Paul Mrozik wrote:Makes perfect sense. Here's the exercise from Thinking in Java:
9. Fill a HashMap with key-value pairs. Print the results to show ordering by hash code. Extract the pairs, sort by key, and place the result into a LinkedHashMap. Show that the insertion order is maintained.
I must have misunderstood something here. Since I'm asked to sort by key later, then something different was meant by show ordering by hash code.
Yeah, it is a little unclear. Presumably the author meant something like, "to show that ordering is based on the hashcode (though not necessarily in a predictable way)

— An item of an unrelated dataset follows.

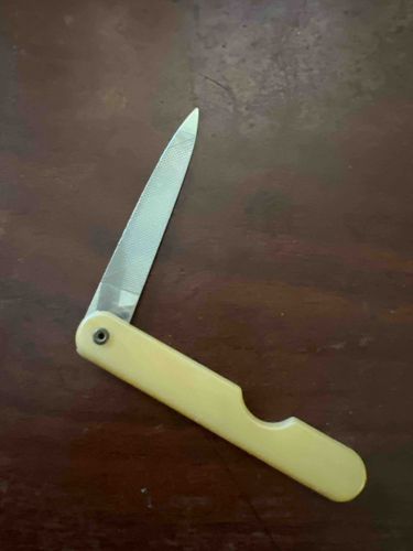 This item is a mid-20th-century folding pocket nail file. It features a hardened stainless steel file blade with a dual-sided cross-hatched abrasive texture and a pointed tip designed for nail cleaning. The handle is constructed from a creamy, off-white synthetic material, likely celluloid or an early phenolic resin (Bakelite variant), common in vanity accessories from the 1930s through the 1950s. The handle scales are secured by a single metal pivot pin that allows the blade to rotate 180 degrees. A distinctive semicircular cutout resides in the handle to facilitate easy deployment of the file blade. Regarding condition, the metal shows minor surface oxidation and light scratching consistent with age and occasional use. The handle material exhibits a warm aged patina but appears free of major cracks or 'celluloid rot,' though there is subtle darkening around the pivot pin. The construction is utilitarian but solid, typical of mass-produced personal grooming tools distributed by pharmacy brands or included in travel vanity kits. No specific maker's mark is visible in the current orientation, though such items were frequently produced in cutlery centers like Sheffield, England, or Solingen, Germany.

as opposed to insertion order." The key point being not that it will be in increasing order of hashcode (obviously it's not) but that it
won't be based on insertion order.
And it almost certainly is based on hashcode (which you can verify yourself by examining the source in src.zip in the JDK downlaod). The thing is, there's a second hashing going on.
The range of hashcode is all possible int values. A little over 4 billion possibilities. The way HashMap works is that the hashcode determines which bucket our entry goes in, where a bucket is just a list of the elements that have the same hashcode. It wouldn't make sense for the map to create 4 billion buckets, so it creates some smaller number, and re-hashes our key's hashcode value into a range that matches the number of buckets. I would assume the iteration order then just goes through the buckets in their index order, and then within a bucket it goes through that bucket's elements in insertion order. Just a guess, but it seems the most natural approach. The second hash is a pretty messy combination of bit-fiddling and dark spells from the elder gods, so mere mortals can't tell just by looking at a group of entries which ones will go in which buckets.